The experimental setup features a cup containing CPA, from which an embedded rod is slowly extracted. The temperature control system cools the sample sufficiently rapidly to ensure vitrification, while maintaining a constant test temperature thereafter. The rod is extracted at constant velocity and the force on the rod is measured as a function of time. An essentially one dimensional analysis of the flow during experimentation is appropriate due to the elongated shape of the annular fluid region. The observed time history of force fits very well the predictions of a Maxwell fluid model, from which a steady viscosity and a relaxation time are extracted.

Viscosities over the range from 10⁹ Pa-s to 10¹¹ Pa-s were measured for three CPAs of interest. The viscosity as a function of temperature was well fitted by an exponential function of temperature. As one measure of the glass transition temperature, the viscosity-temperature fit is extrapolated to10¹² Pa-s. The resulting temperature is plausibly in the range of glass transition, approximately 6K to 8K below the upper end of the glass transition range obtained from DSC measurements of the overshoot-peak temperature during rewarming. The relaxation time for all fluids was found to be proportional to their viscosity over the corresponding temperature range, with a nearly constant proportionality in the range of 3.8 to 8 MPa (depending on the CPA), interpretable as the shear modulus G of the Maxwell fluid model. Finding a shear modulus that is nearly three orders of magnitude less than the expected glassy value suggests that relaxation processes with much shorter time constants are not captured by these low strain-rate tests (10^-4 s^-1). On the other hand, low strain rates are expected to be pertinent to cryopreservation, given the modest cooling rates of typical protocols, particularly as glass transition is approached (typically 0.1K per minute).

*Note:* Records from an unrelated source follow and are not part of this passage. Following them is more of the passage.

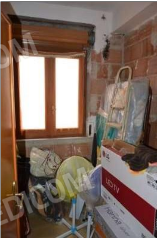
Fot. 8: vano ripostiglio, piano 1°
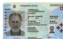
Autorisation de séjour Copie recto verso

Veillez envoyer la copie d'une pièce d'identité avec la demande à: Cornèr Banque SA Succursale BonusCard (Zurich) Case postale 8021 Zurich
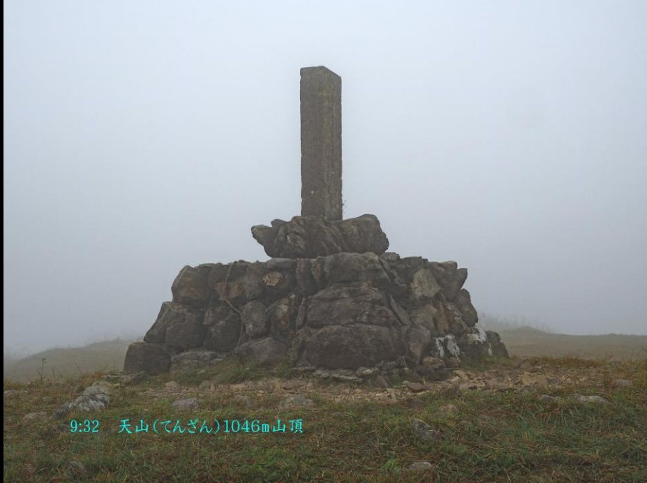
9:32 天山(てんざん)1046m山頂

Appendix A. Uncertainty analysis

Following standard practice [16], the uncertainty in this procedure is estimated as:

$$\delta F(x_1,x_2,\dots .,x_i)=\sqrt{\sum _i{\left(\frac{\delta F}{\delta x_i}\delta x_i\right)}^2}$$ (A1)

where x_i are the independent variables. In the current study, the independent sources of uncertainty are the observed steady-state load, P_ss, the outer radius of the stainless steel rod and inner radius of the brass sample cup, R₁ and R₂, respectively, the length of the stainless steel rod submerged in CPA, L, and the velocity that the rod is extracted, v_o, which is translated to a strain rate.

Uncertainty in load cell measurement is caused by nonlinearity (±0.05% of full scale), hysteresis (±0.05% of full scale), non-repeatability (±0.05% of full scale), and temperature shift (±0.0014%/°C of actual load). Uncertainty in radii measurement is estimated as 0.01 mm. Uncertainty in L originates from the uncertainty in the CPA volume injected into the CPA chamber; an uncertainty of 0.29 mm is estimated when using a 1 mL syringe. Another source of uncertainty in L is the gradual extraction of the upper rod from the CPA, which may be as much as 2.5 mm over the duration of the experiment.

Uncertainty in temperature measurements is introduced by A/D conversion (22 bits at 0.333Hz) in the data acquisition module, cold-junction compensation, and the quality of the thermocouple material. The combined effect of these uncertainties is estimated as ±0.8°C.

Uncertainty was calculated for each experiment based on Eq. (A.1) and the above data. Uncertainty in viscosity calculations based on experimental data ranged from 2.9 and 8.4% in 7.05 M DMSO experiments, between 2.3 and 10.8% in VS55 experiments, and between 3.6 and 11.1% in DP6 experiments.